Спокойно, да. Вот только продолжать этот спокойный разговор мне показалось бессмысленным. Дальше, если я хотел жить, нужно было переходить к действиям. Хотя со связанными руками ни о каких действиях с моей стороны и речи быть не могло. Но я не хотел оставлять мир без своего замечательного общества, а потому решил подумать, каким образом освободить себе руки. Для начала. А там видно будет.

По моим расчетам, — весьма приблизительным, потому что кальки, как и всего остального имущества, волею пленившей меня Артемиды я был лишен, — до тех мест, где она сочтет возможным убить меня, мы должны были добраться лишь к вечеру. Так что времени на раздумья еще хватало. И я, переключив внимание со своей спутницы на проплывающий мимо пейзаж, принялся размышлять.

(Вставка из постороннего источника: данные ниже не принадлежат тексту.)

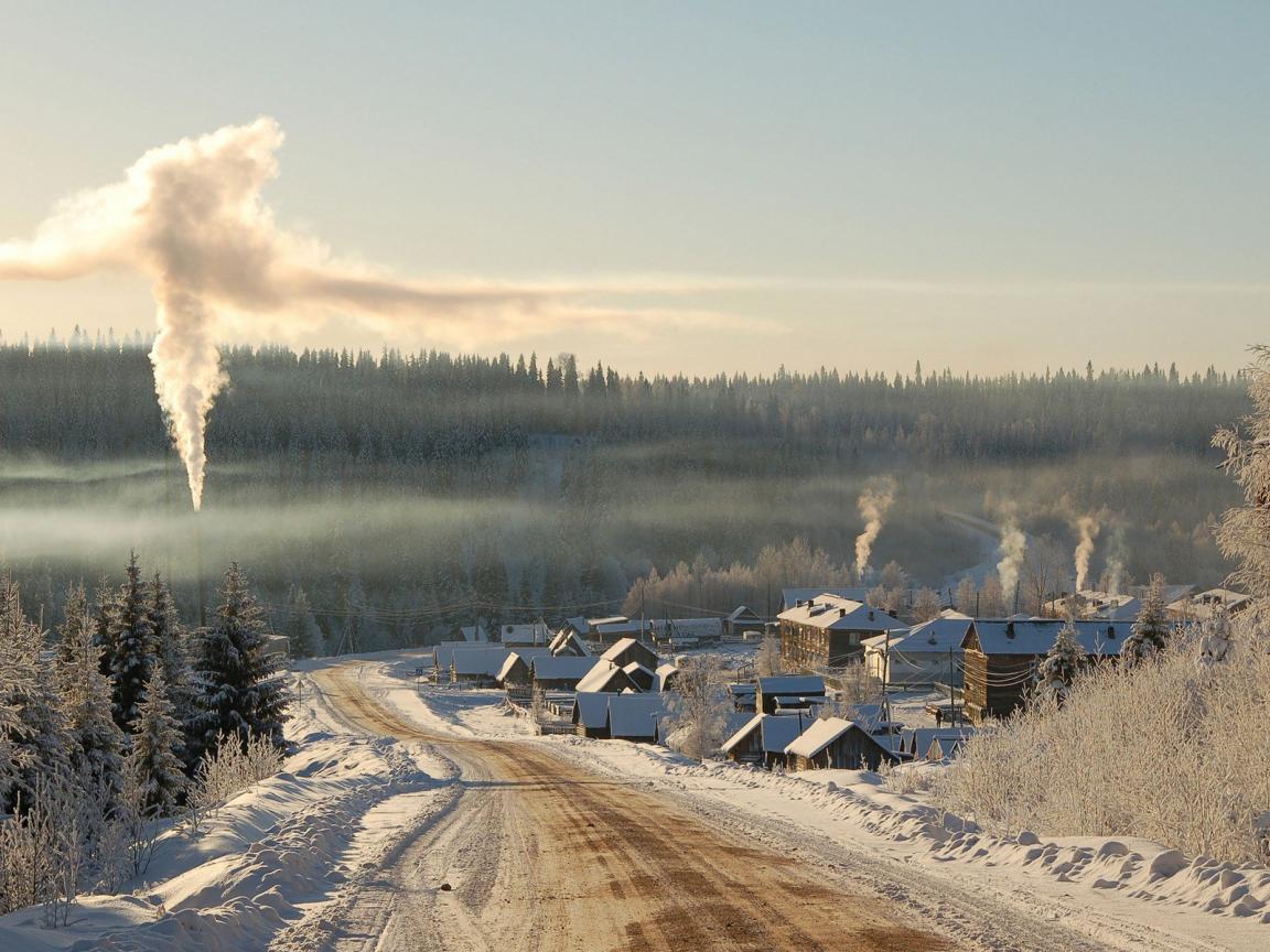 Обои Зимняя дорога и посёлок

Занятие, как оказалось, в данном случае бесполезное. Два часа мы плыли вниз по течению, и я с тем же успехом мог бы не думать вообще, целиком сосредоточившись на созерцании природы. Тем более — посмотреть было, на что. Все та же девственная тайга, но, по мере удаления от Сихотэ-Алиньского хребта, становившаяся разнообразнее и пышнее. Окажись я здесь при других обстоятельствах — и залюбовался бы, честное слово. Хотя обычно к такому занятию склонности не имел — я не фанат нетронутых ландшафтов. Однако ситуация к наслаждению пейзажем не располагала. Правда, один раз я увидел на берегу дикого кабана изрядных размеров. Тот тоже увидел нас, проводил безразличным взглядом маленьких красноватых глазок и снова опустил рыло в воду. До путешественников ему дела не было — сюда он явился с куда более важной целью: утолить жажду. А что при этом будет проплывать мимо — какая разница? Хоть мамонт-альбинос с курительной трубкой в зубах.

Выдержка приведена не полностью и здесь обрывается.